Hierarchical analysis of health system indicators

Health system indicators showed a significant negative association between publication output and hospital beds (β = −0.0141, 95% CI: −0.0181 to −0.0102, adjusted p < 0.001), indicating countries with higher medical error research tend to have fewer hospital beds. No significant associations were found for current health expenditure as percentage of GDP (β = 1, 95% CI: 0.9–1.0, adjusted p = 0.977) or out-of-pocket expenditure per capita (β = 0.858, 95% CI: −0.022–1.739, adjusted p = 0.134) (Fig 4).

When examining physicians as a predictor of publications, our negative binomial model found no significant relationship (incidence rate ratio = 0.53, 95% CI: 0.23–1.23, adjusted p = 0.144), contrasting with our earlier regression findings by income group (Fig 4).

Hierarchical analysis of R&D and innovation indicators

Regarding R&D indicators, no significant associations was found between publication output and R&D expenditure as percentage of GDP (incidence rate ratio = 581860, 95% CI: 0.01–2 × 10¹³, adjusted p = 0.134) or researchers in R&D per million people (incidence rate ratio = 0.99, 95% CI: 0.99–1.00, adjusted p = 0.160) (Fig 4).

Similarly, models examining intellectual property charges revealed positive but non-significant associations for both intellectual property receipts (β = 7.18 × 10⁶, 95% CI: −5.68 × 10⁶-2.00 × 10⁷, adjusted p = 0.359) and intellectual property payments (β = 6.42 × 10⁶, 95% CI: −3.08 × 10⁷–1.59 × 10⁷, adjusted p = 0.281), suggesting potential but statistically non-robust economic value when controlling for income group differences (Fig 4).

Hierarchical analysis of financial surgical risk

No significant associations were found between medical error publications and risk of catastrophic expenditure (OR: 0.99, 95% CI: 0.99–1.00, adjusted p = 0.163) or impoverishing expenditure for surgical care (OR: 0.99, 95% CI: 0.99–1.00, adjusted p = 0.488) when accounting for income group clustering.

Limitations

Some limitations should be acknowledged. First, the ecological and observational nature of the study precludes causal inference; associations observed may be influenced by unmeasured confounders such as health policy reforms or institutional practices not captured in national indicators.

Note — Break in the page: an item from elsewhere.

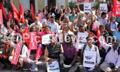 Photo Caption : Members of CPI, CPIM, SUCI protesting to fulfill their various demands at Town Hall, in Bengaluru on Sunday 6th January 2019

Second, the use of scientific publication counts as a proxy for research activity does not account for quality, implementation, or translation into practice. Third, LICs were underrepresented in research output, limiting statistical power and potentially underestimating associations in those contexts. Finally, despite efforts to adjust for heterogeneity, residual confounding related to structural and socio-political factors cannot be ruled out.

Although indicators with high missingness were excluded, remaining incomplete data may have influenced some estimates. Bibliometric databases such as Scopus, Web of Science, and PubMed underrepresent non-English and locally published research, particularly from LICs and LMICs, introducing potential selection bias. Also, reverse causality is possible, as countries with stronger health systems and research infrastructure may both generate more medical error research and achieve better health and financial outcomes.

However, a major strength of this study lies in its novel and integrative design, which combines bibliometric data with a broad set of population-level indicators, analysed longitudinally and stratified by country income level. The use of both stratified and hierarchical modelling approaches strengthens the internal robustness of findings and allows for more nuanced interpretation across diverse contexts.

Moreover, the study addresses a clear gap in the literature, offering empirical insights into the potential population- and health-level influence of medical error research.